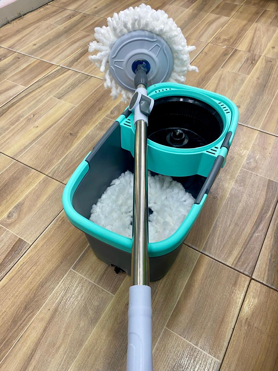 Este trapeador giratorio 360° es el aliado perfecto para el hogar, oficinas o negocios. Con su sistema rotativo, ruedas integradas y tapón de desagüe, facilita cada jornada de limpieza sin levantar peso ni ensuciarte.
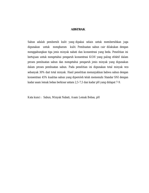Wiki Woronika, PENGARUH KONSENTRASI BASA DAN JENIS MINYAK NABATI TERHADAP KUALITAS SABUN CAIR BERAROMA SEREH WANGI. Banda Aceh FAKULTAS TEKNIK UNIVERSITAS SYIAH KUALA,2017
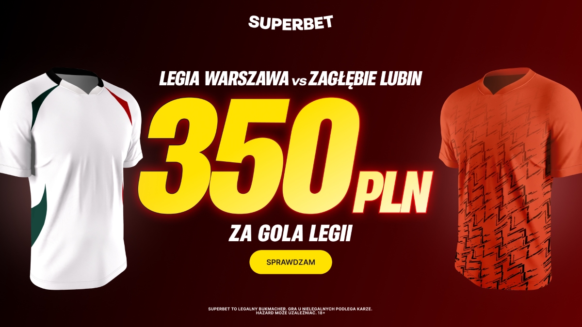 Superbet przygotował z tej okazji specjalną promocję. Polski legalny bukmacher płaci aż 350 złotych za gola Legii z Zagłębiem, a do tego możesz skorzystać z bonusów na start! Promocja dostępna jest dla nowych graczy, którzy założą konto z kodem GRAMGRUBO.
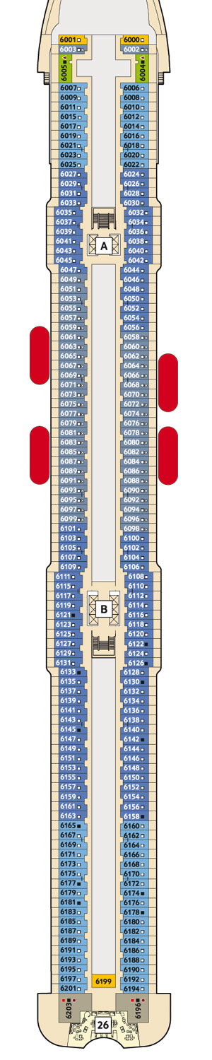 Las "Innenkabine" los camarotes interiores del Mein Schiff 1 ofrece una experiencia de crucero cómoda y elegante, con un espacio bien distribuido y equipado con comodidades modernas, todo ello en un ambiente de diseño contemporáneo. Por lo general, estos camarotes incluyen una o dos camas individuales o una cama doble, un baño privado con ducha, lavabo y WC, área de almacenamiento con armario, cajones y espacio para guardar equipaje, una pequeña área de descanso con mesa o escritorio y silla, y entretenimiento como un televisor de pantalla plana. Las dimensiones de los camarotes interiores pueden variar, pero en promedio suelen tener alrededor de 12 a 15 metros cuadrados de espacio habitable. ¡Reserva ahora y comienza tu aventura a bordo del Mein Schiff 1!
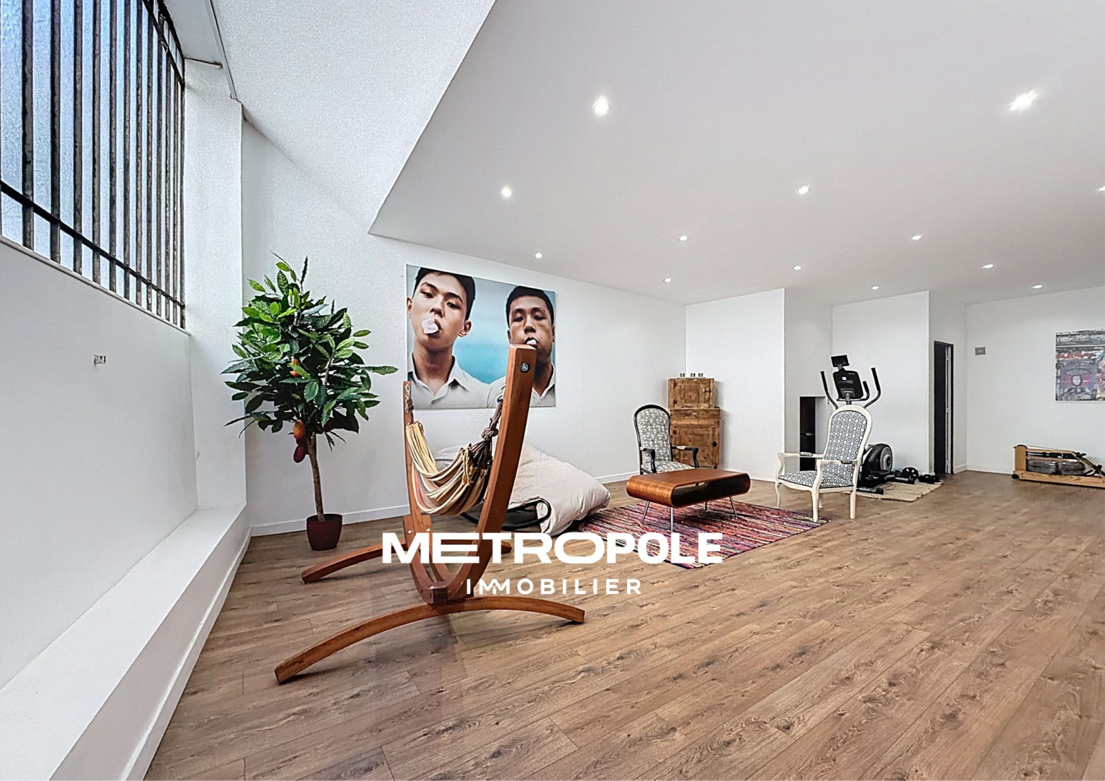 Dès l’entrée, vous découvrirez une grande pièce de 52 m² offrant de nombreuses possibilités d’aménagement : salle de sport, atelier, bureau ou salle de jeux, selon vos envies. Elle s’accompagne d’un garage spacieux de 52 m², capable d’accueillir plusieurs véhicules, un vrai atout en centre-ville.

==================================================

The records above should be written out exactly, and the images dropped.

 Este trapeador giratorio 360° es el aliado perfecto para el hogar, oficinas o negocios. Con su sistema rotativo, ruedas integradas y tapón de desagüe, facilita cada jornada de limpieza sin levantar peso ni ensuciarte.
Wiki Woronika, PENGARUH KONSENTRASI BASA DAN JENIS MINYAK NABATI TERHADAP KUALITAS SABUN CAIR BERAROMA SEREH WANGI. Banda Aceh FAKULTAS TEKNIK UNIVERSITAS SYIAH KUALA,2017
 Superbet przygotował z tej okazji specjalną promocję. Polski legalny bukmacher płaci aż 350 złotych za gola Legii z Zagłębiem, a do tego możesz skorzystać z bonusów na start! Promocja dostępna jest dla nowych graczy, którzy założą konto z kodem GRAMGRUBO.
 Las "Innenkabine" los camarotes interiores del Mein Schiff 1 ofrece una experiencia de crucero cómoda y elegante, con un espacio bien distribuido y equipado con comodidades modernas, todo ello en un ambiente de diseño contemporáneo. Por lo general, estos camarotes incluyen una o dos camas individuales o una cama doble, un baño privado con ducha, lavabo y WC, área de almacenamiento con armario, cajones y espacio para guardar equipaje, una pequeña área de descanso con mesa o escritorio y silla, y entretenimiento como un televisor de pantalla plana. Las dimensiones de los camarotes interiores pueden variar, pero en promedio suelen tener alrededor de 12 a 15 metros cuadrados de espacio habitable. ¡Reserva ahora y comienza tu aventura a bordo del Mein Schiff 1!
 Dès l’entrée, vous découvrirez une grande pièce de 52 m² offrant de nombreuses possibilités d’aménagement : salle de sport, atelier, bureau ou salle de jeux, selon vos envies. Elle s’accompagne d’un garage spacieux de 52 m², capable d’accueillir plusieurs véhicules, un vrai atout en centre-ville.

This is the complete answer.